The psychosocial stress imposed by the society changes in response to this pandemic may increase the vulnerability to suicidal behaviors at several levels. Social isolation, resulting from the quarantine imposed to more than a half of the world population, is a well-known risk factor for suicide [9]. Quarantine may worsen the risk of domestic violence and limit the possibilities of psychological support [10]. The announced economic crisis also is likely to influence suicide rates [11]. It has been estimated that the related rise of unemployment will lead to more suicides (up to 9570 additional suicides per year) [12]. Therefore, an increase of suicide rates, as observed during the Spanish “flu” pandemic (1918), is expected [13]. Consequently, the present pandemic is a source of concern in populations facing psychosocial stressors. In many vulnerable people, the emotional, social, health, and financial consequences of this pandemic could lead to mental health problems and suicidal behaviors, in the immediate aftermath and also in the longer term. The scientific and mental health communities should proactively prepare and use this challenging period to improve suicide research and prevention.

Recent biological data suggest that SARS-CoV-2 can affect the central nervous system (CNS) [14] through biological pathways implicated in suicidal behaviors: renin-angiotensin system, inflammation system, and nicotine receptors. Social distancing measures also are leading to neurobiological changes involved in suicidal behavior, such as inflammation [15]. A better understanding of the connections between COVID-19 pathophysiology and the biology of suicide is the first step to address suicide prevention and to propose effective treatments in a pandemic context.

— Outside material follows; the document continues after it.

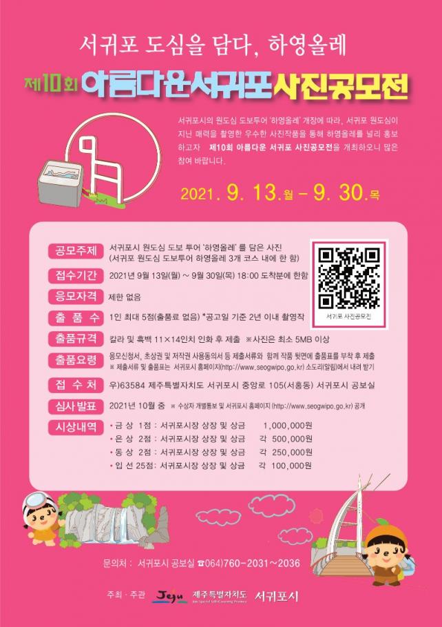 µû¶ó¼ ÇÏ¿µ¿Ã·¹ 3°³ ÄÚ½º ³»¿¡¼ ÃÔ¿µµÈ »çÁø¿¡ ÇÑÇÏ¿© Á¢¼ö¸¦ ¹Þ´Âµ¥ Á¢¼ö´Â 9¿ù 13ÀϺÎÅÍ 9¿ù 30ÀϱîÁö ¹Þ´Â´Ù. ¶ÇÇÑ °ø°íÀÏ ±âÁØ 2³â À̳» ÃÔ¿µÇÑ ¹Ì ¹ßÇ¥ÀÛÀ̾î¾ß Çϸç Ãâǰ¼ö´Â 1Àδç ÃÖ´ë 5ÀÛǰ±îÁö·Î ´©±¸³ª Âü¿©°¡´ÉÇϸç Ãâǰ·á´Â ¾ø´Ù. Ãâǰ±Ô°ÝÀº 11¡¿14ÀÎÄ¡ ÀÎÈ»çÁøÀ¸·Î Ãâǰǥ¸¦ µÞ¸é¿¡ ºÎÂøÇÏ¿© Á¦Ãâ¼·ù¿Í ÇÔ²² ¹æ¹® ¶Ç´Â µî±â Á¢¼öÇÏ¸é µÈ´Ù. ´õ ÀÚ¼¼ÇÑ »çÇ×Àº ¼±ÍÆ÷½Ã ȨÆäÀÌÁö(http://www.seogwipo.go.kr)¸¦ ÂüÁ¶Çϰųª °øº¸½Ç·Î(064-760-2035)·Î ¹®ÀÇÇÏ¸é µÈ´Ù.

In this review, we propose to highlight the possible biological mechanisms through which COVID-19 may influence suicidal vulnerability and increase the risk of suicidal acts. A better understanding of this link may help to identify the populations at risk and to monitor patients with the highest suicidal risk in an adequate time window, depending on the mid- and long-term neuropsychiatric consequences. We also discuss how the COVID-19 outbreak may help to better understand the neural and biological correlates of suicidal behavior. Finally, we focus on interactions between the psychotropic medications used to treat suicidal patients and COVID-19 and discuss how these drugs might limit the inflammation induced by SARS-CoV-2.

Viral Infection: Is there a Link with Suicidal Acts?

Studies on respiratory viral infections have identified an association between infection and risk for suicide. Specifically, mood disorders have been associated with the presence of antibodies against influenza A and B viruses and a coronavirus strain (HCov-NL63) [16]. Influenza B seropositivity has been significantly associated with history of suicide attempt (OR = 2.53, CI 1.33–4.80). In general, exposure to infectious agents is an aggravating factor for the risk of self-harm [17]. This study, based on the analysis of Danish registers, showed that individuals with infections are at greater risk of deliberate self-harm compared with controls (hazard rate ratio: 1.80 (95% CI = 1.68–1.91)). Redeemed prescriptions for anti-infective medications were considered as a proxy for infection. In addition, this association depended on the infection severity, as indicated by the higher suicide risk in individuals hospitalized for infections (hazard rate ratio: 3.13 (95% CI = 1.67–5.87)) [17]. The underlying causes are multiple, including inflammatory changes [18], and microbiota modification secondary to the use of anti-infective agents and its influence on the CNS [19••]. Several mechanisms might be at work in the infection-related brain damage: retrograde axonal transport of the virus from the respiratory mucosa [14], peripheral inflammation that modulates brain function, and migration of mononuclear cells transporting the virus across the blood-brain barrier (BBB) [14]. Finally, some studies suggested that antiviral agents also could influence mood disorders, as summarized in Table 1.

Table 1.

Main treatments tested in ongoing trials in patients with COVID-19 for which there are data on mood disorders and suicide risk [156, 157]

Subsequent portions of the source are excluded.